PROBLEM TO SOLVE:
Copy the lines of the data below exactly, starting at the first and stopping after the line that contains "Necesitará cortar cuatro"; include no pictures.

(Data entries)
┄┄┄┄┄┄┄┄┄┄┄┄┄┄┄┄┄┄┄┄

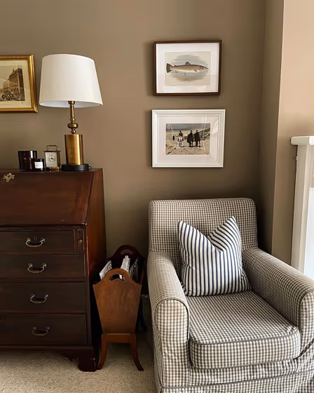 View the photos of real spaces painted with this that were not included in specific categories.Close-ups, painted furniture, storages and dressers, hallways, stairs and ceilings.
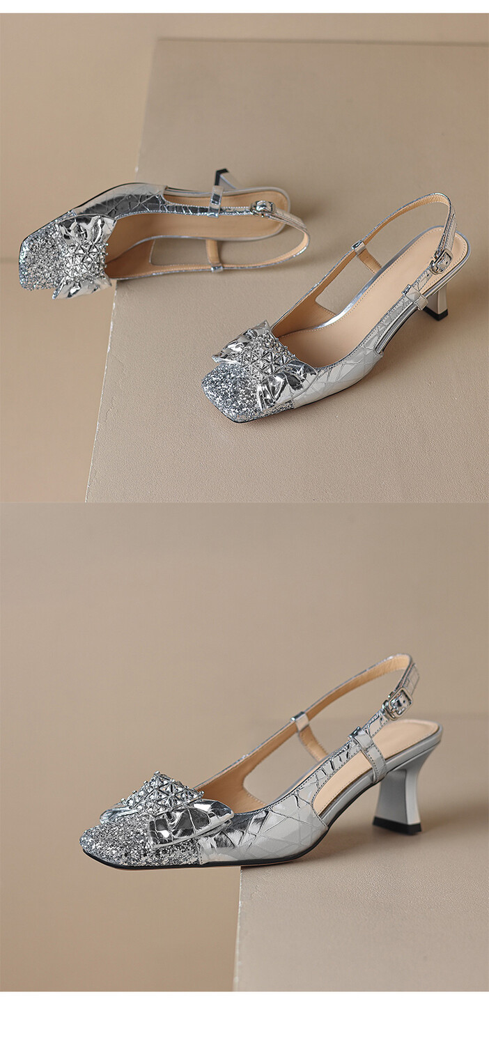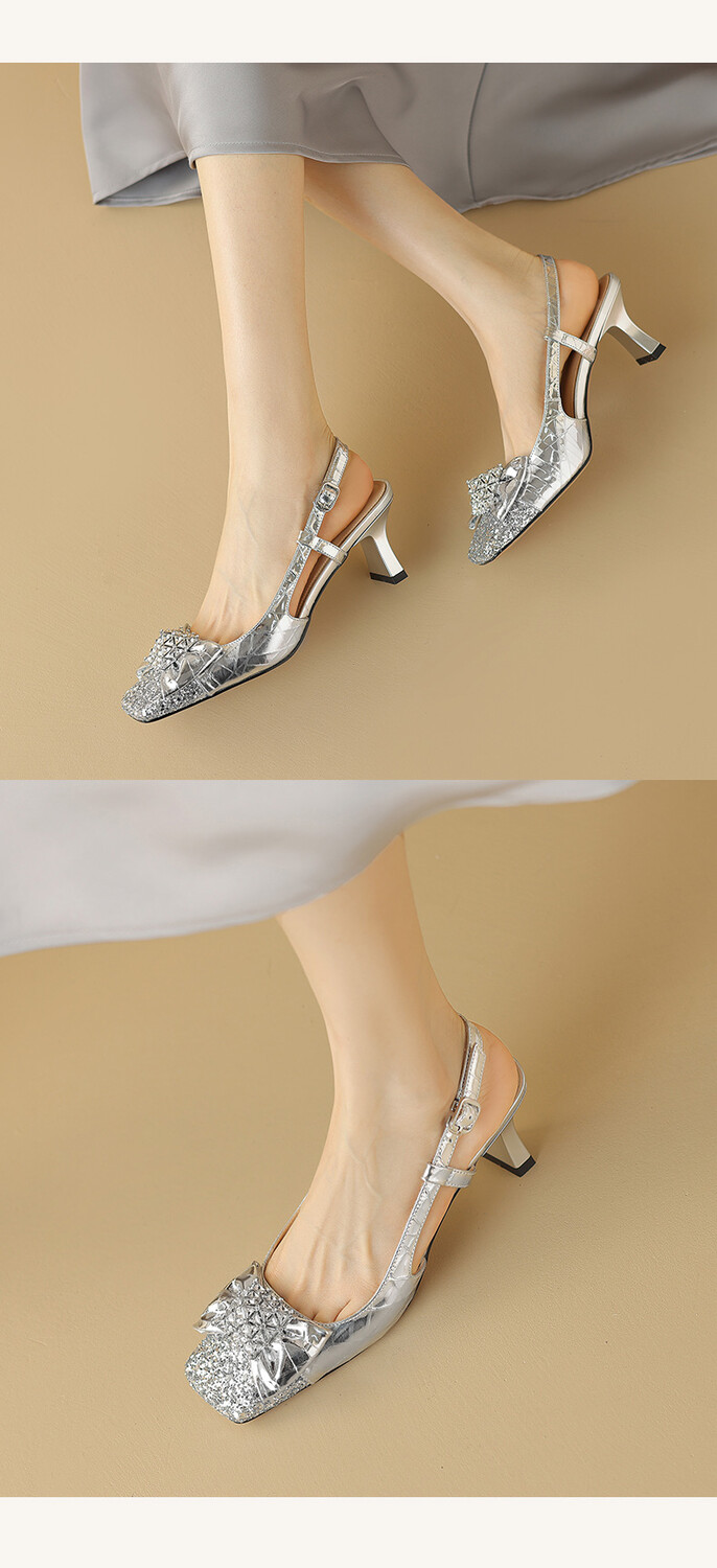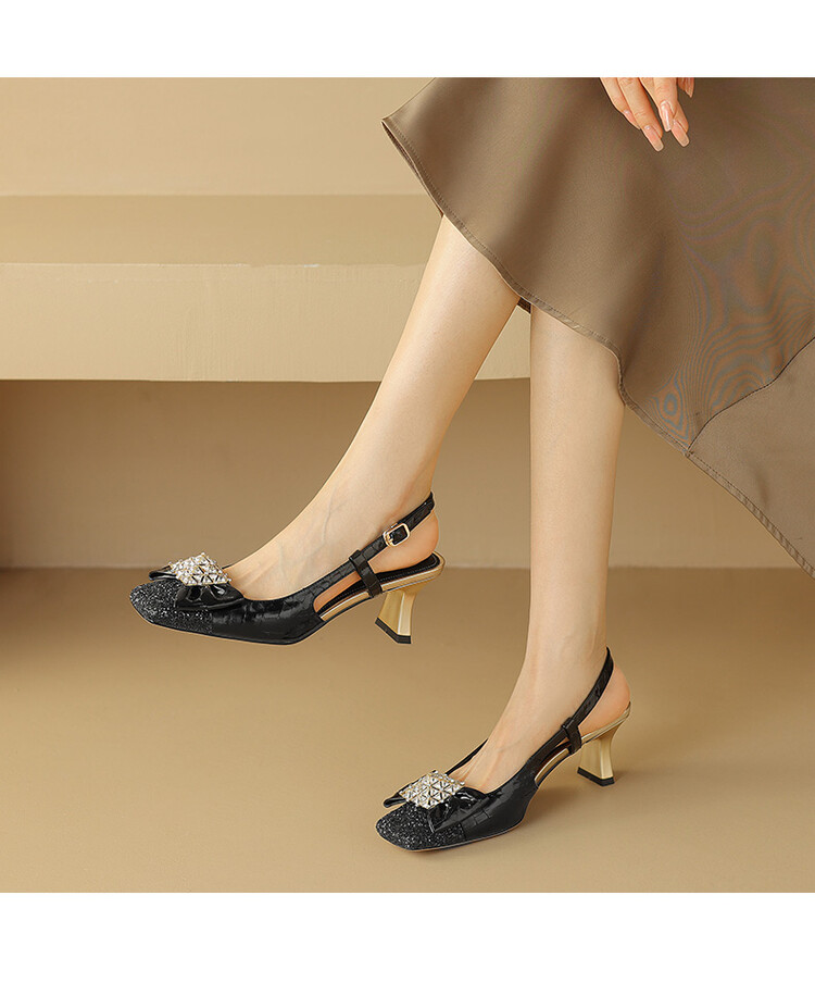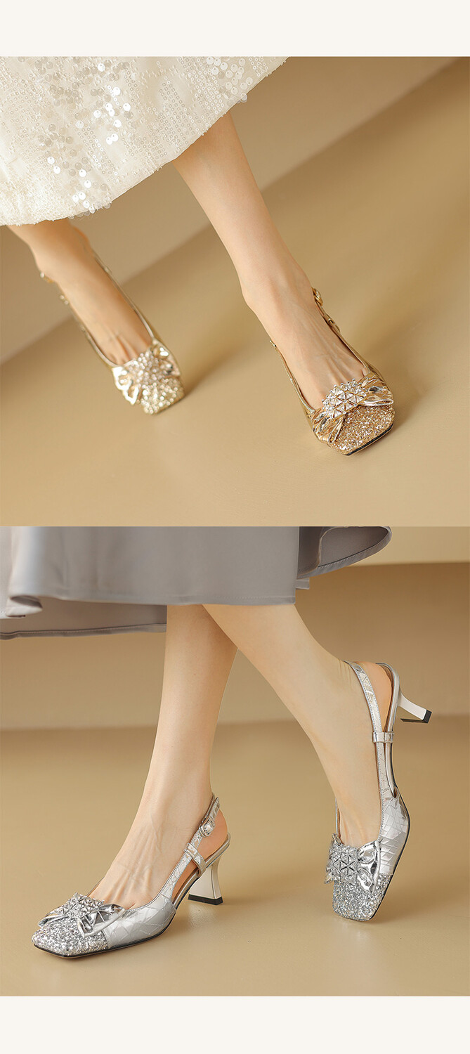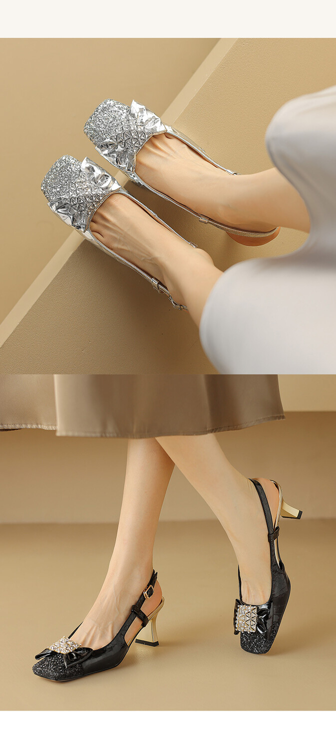 【预售5天】超好看中国风方头蝴蝶结后空粗跟包头配裙子旗袍时尚水钻凉鞋NDXC&6586
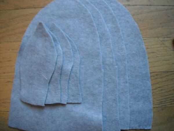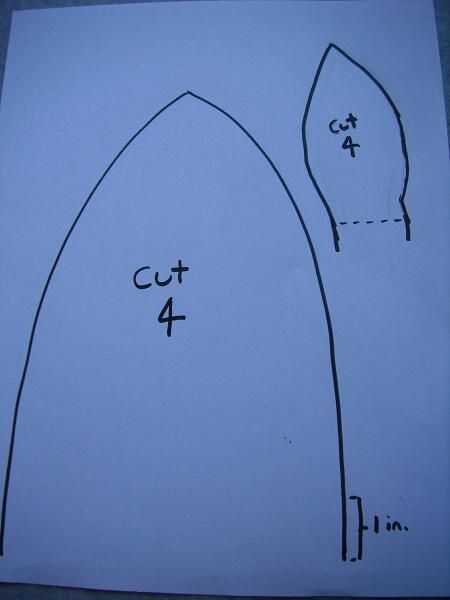 Necesitará cortar cuatro triangle-ish en forma de piezas para el sombrero y cuatro orejas. Mira el patrón que hice para ver lo que debe.
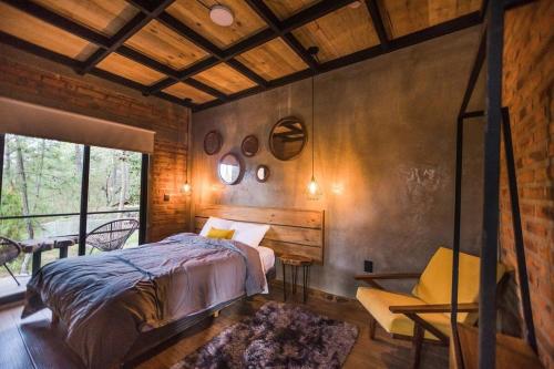 Cabaña El Vértice, Tapalpa坐落于塔帕尔帕,配备带阳台和免费WiFi的自助式住宿。这家自助式度假屋拥有花园和免费私人停车位。
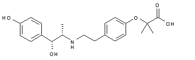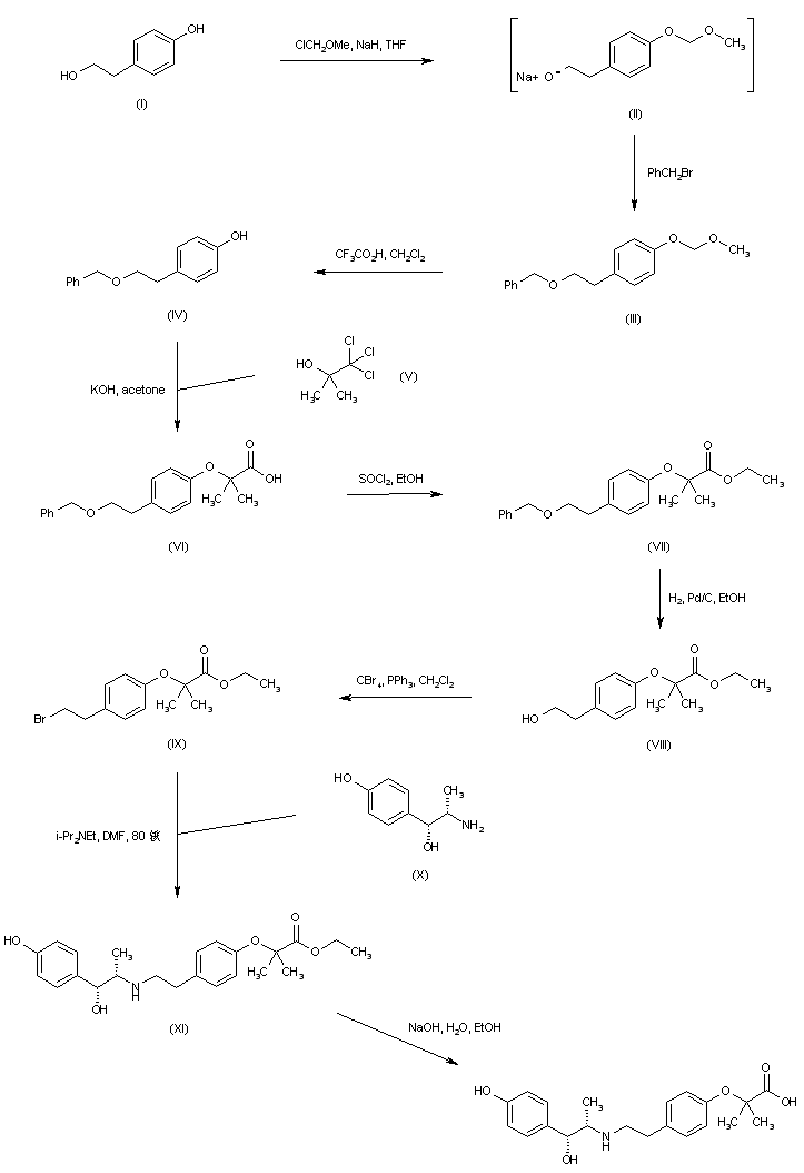 2-(4-Hydroxyphenyl)ethanol (I) was protected at the aliphatic hydroxyl group by the following sequence. Reaction of (I) with methoxymethyl chloride and NaH blocked the phenolic hydroxyl as the methoxymethyl ether (II), which was subsequently treated with benzyl bromide to produce the fully protected compound (III). Further hydrolysis of the methoxymethyl ether using trifluoroacetic acid gave rise to 4-(2-benzyloxyethyl)phenol (IV). Condensation of phenol (IV) with 1,1,1-trichloro-2-methyl-2-propanol (V) under basic conditions generated the 2-(aryloxy)isobutyric acid (VI). After esterification of (VI) with SOCl2 in EtOH to give (VII), its O-benzyl protecting group was removed by catalytic hydrogenation to produce (VIII). Alcohol (VIII) was then converted into alkyl bromide (IX) by using CBr4 and PPh3. Alkylation of (-)-4'-hydroxynorephedrine (X) with bromide (IX) in hot DMF afforded the secondary amine (XI). The ethyl ester group of (XI) was finally hydrolyzed with NaOH to the title carboxylic acid.

┄┄┄┄┄┄┄┄┄┄┄┄┄┄┄┄┄┄┄┄

SOLUTION FOR THIS EXERCISE:
 View the photos of real spaces painted with this that were not included in specific categories.Close-ups, painted furniture, storages and dressers, hallways, stairs and ceilings.
 【预售5天】超好看中国风方头蝴蝶结后空粗跟包头配裙子旗袍时尚水钻凉鞋NDXC&6586
 Necesitará cortar cuatro triangle-ish en forma de piezas para el sombrero y cuatro orejas. Mira el patrón que hice para ver lo que debe.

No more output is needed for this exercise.